Flavonoid adalah kelompok polifenol yang sangat banyak jumlahnya, bervariasi dalam dengan struktur dan sifatnya. Flavonoid adalah zat asal tumbuhan yang paling luas penyebarannya [36,37]. Elemen dasar dari struktur flavonoid adalah unit C6-C3-C6 yang terdiri dari 15 atom C, yang mencakup cincin benzoat dan unit fenilpropana (phenylpropane) [38].
 

Kandungan Fungsional Propolis

Hingga sekarang, ada sekitar 300 senyawa yang sudah berhasil diidentifikasi terdapat di dalam propolis. Berikut ini adalah pengelompokan senyawa-senyawa tersebut yang selanjutnya dikenal sebagai kandungan dasar propolis: asam-asam fenolat, flavonoid, terpene, senyawa lemak-lilin, lilin lebah, kandungan biologi dan komponen-komponen lain seperti vitamin, protein, asam amino dan gula [4, 8, 11].



Rabu, 05 Agustus 2015

Kasiat Utama Propolis #2: Antioksidan

Aktivitas Propolis sebagai Antioksidan

Hal ini juga ditetapkan bahwa metabolisme sel menghasilkan spesies oksigen reaktif (ROS), seperti hidrogen peroksida (H2O2), anion superoksida, dan ion hidroksil yang sangat reaktif, serta spesies nitrogen reaktif (RNS), terutama nitrat oksida (NO).

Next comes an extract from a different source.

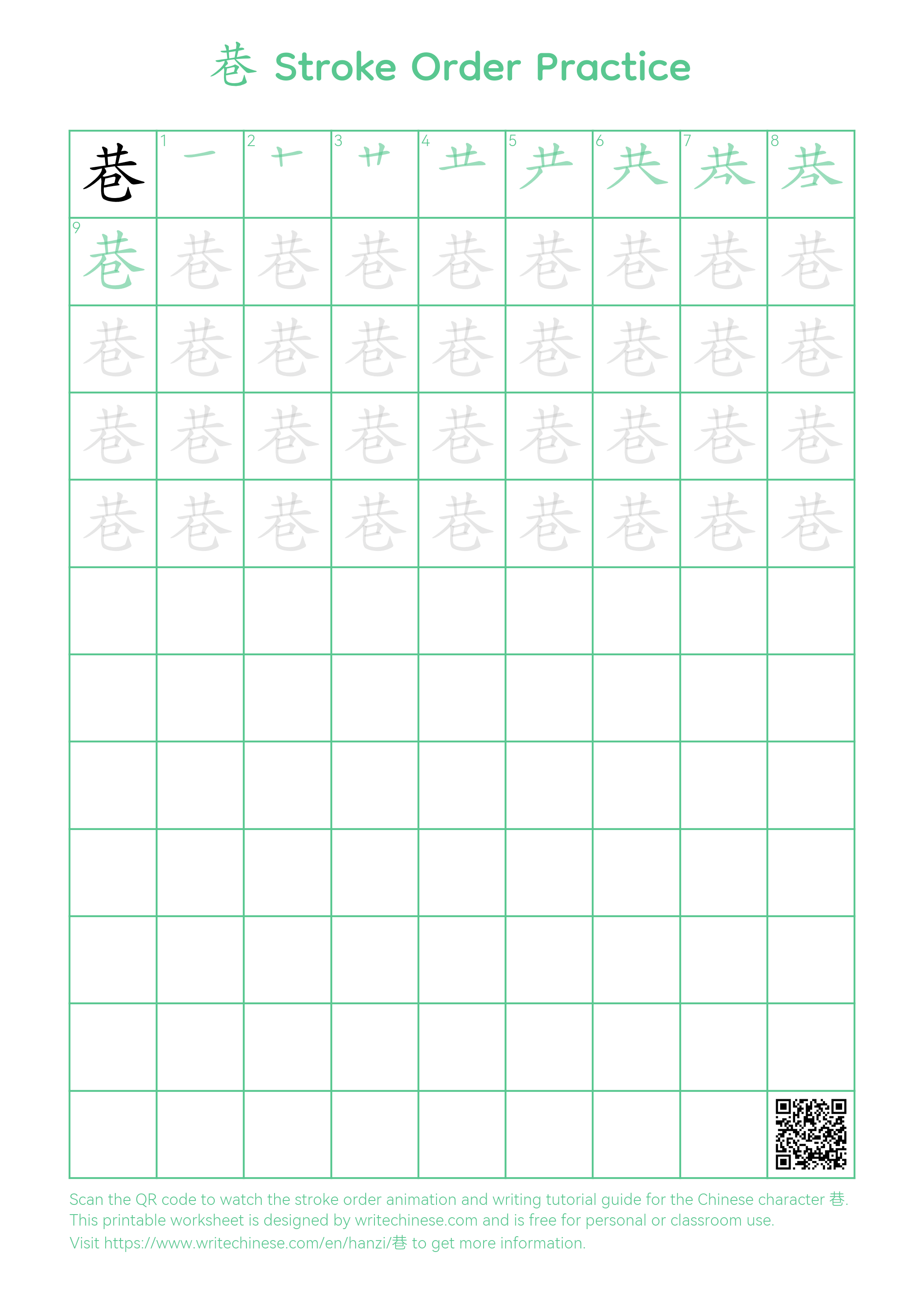 Chinese Character '巷'. You can download the printable handwriting worksheets below and

ROS dan RNS adalah molekul sinyal yang ideal karena mereka dihasilkan secara lokal, sangat cepat dan diffusible, dan dapat dinetralkan oleh antioksidan seluler [1, 2]. ROS biasanya didetoksifikasi oleh enzim intraseluler, seperti glutathione, superoksida dismutase, katalase dan [3]. Namun, produksi tidak seimbang dan degradasi ROS dan RNS dapat mengakibatkan akumulasi spesies ini reaktif, sering disebut stres oksidatif sebagai. Paparan makromolekul (lipid, protein, DNA, dll) untuk reaktif hasil spesies dalam modifikasi oksidatif dengan efek merusak [4, 5].